Ceza sahası içinde kolu açık bi şekilde ankaragüçlü futbolcunun eline çarptı hakem penaltı vermedi. arkadaş "elll.." diye bağırıyordu hemen aklına geldi ankaragüçlü olduğumuz..


hayatta en kötü şey deplasmanda kendi seyircinle maç izleyememekmiş diyordum ama hem atkını formanı giyememek üstüne 4 yemek daha betermiş..

Ne diyelim bıraktık işi gücü 4 tane koydu ankaragücüüü oooo..
fena sıyırdım. milli takım arası bize yaramadı.

ayrıca dikkatimi çeken bişey var.
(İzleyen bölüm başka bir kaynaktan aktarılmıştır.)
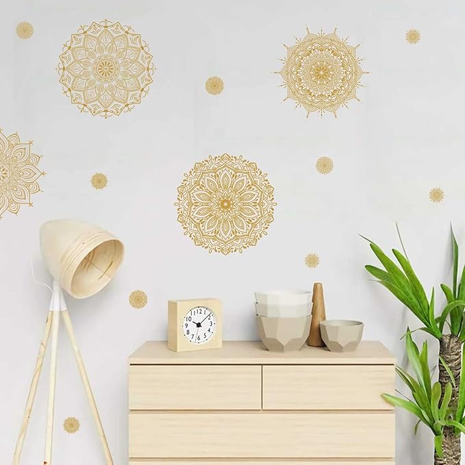 - 【UNIQUE MANDALA DESIGN】This Gold Mandala wall sticker has been carefully designed to be elegant and beautiful, and can be well matched with various styles of furniture and home decoration, such as modern style, vintage style, country style, cartoon style, etc, we have a variety of different colors, you can choose according to your own preference.

Erhan hoca geldiğinden beri hep futbolcular maçlardan önce-sonra açıklamalarında "rakibi iyi etüt ettik, zaaflarını biliyoruz, videolarınız izledik" tipinde açıklamalar yapıyorlardı. dün gördümki erhan hoca, hikmet karaman'ın taktiğine hazır değilmiş. bu kadar saldıracak bi takım beklemiyormuş. oyuna müdehale etmeden veya edemeden felç olduk. zaten pek bi müdahale etmedi.
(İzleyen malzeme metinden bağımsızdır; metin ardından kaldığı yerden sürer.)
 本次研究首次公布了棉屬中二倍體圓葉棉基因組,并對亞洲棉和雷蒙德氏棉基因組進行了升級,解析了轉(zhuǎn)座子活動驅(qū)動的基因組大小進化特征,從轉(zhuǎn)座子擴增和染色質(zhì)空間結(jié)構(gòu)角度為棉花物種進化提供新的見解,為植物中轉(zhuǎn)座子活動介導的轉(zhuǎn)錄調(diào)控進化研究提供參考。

izmitli 2 teknik adamdan tecrübeli olan kazandı. biz kaybettik. Asker öncesi son deplasmanımdı. Cuma son maçımıza çıkıp askerlik arası vericez. haftaya BJK'ya koymak ümidiyle.. esen kalın..

3 Nisan 2009 Cuma

Hepimizin bildiği


Taner Gülleri Fb, Gs, Bjk den birinde oynuyor olsaydı milli takıma seçilir miydi? diye sormuştuk anket yapmıştık kendi çapımızda. sonuç hepimizin bildiği gibiydi..

hayır 3 (4%)

evet 45 (68%)

dabi dabi 8 (12%)

senin o dabiini dabiini yerim 10 (15%

toplam oy: 66


herkese tenk yu..

2 Nisan 2009 Perşembe

gol sonrası

dün akşam türkiye - ispanya maçında ilk golü milli takım attıktan sonra. kamera hemen fatih terim'i gösterdi. seviniyor normal olarak. arkasına döndüğünde Oğuz ve Metin vardı, yardımcıları. terim onlara bakarken seviniyorlar. terim önüne döndüğünde metin ve oğuz hemen "aman yavaş, oyunu yavaşlatın" veya "bu kadar sevinmeyin, içimizde patlar" hareketi yapıyordu. o hareketler fatih terim ve milli takım adına herşeyi anlatıyordu işte. niye bi gol atıp umutlanıyorduk? bu kadar egoist, kibirli bi hocamız niye var? o kareyi hatırlayıp "budur!" diyorum..

teşekkürler ispanya. yenseydik yine fatih çıkıp artist artist konuşacaktı. hadi oğuz çetin neyse ama metin beni hayal kırıklığına uğrattı.

iki çift laf maç yayınlama özürlüsü atv'ye söylenmeli. penaltı atılırken biz niye yakın çekimde kaleci Volkan'ı izliyoruz? bu kadar mı futboldan anlamayan adamlar çalışıyor bu kanalda? penaltı kullanılırken kullanan adam görüntü içinde olur. devlet televizyonuna döndünüz diye bütün kadronuzu şakolarla mı doldurdunuz nedir lan olayınız! madem beceremiyorsunuz almayın bi daha para maç yayın hakkını. oyuncu değişikliği oluyor biz tribünleri filan izliyoruz. hakem emre'ye sarı kart gösterdi diyor spiker ama kimse görmüyor. bikaç dakika sonra emre bi sarıkart görüyor. hepimiz "atıldı" diye heyecanlanıyoruz. ama spiker "ilk sarı kartıymış" diyor. daha ne anlatıyorsun?!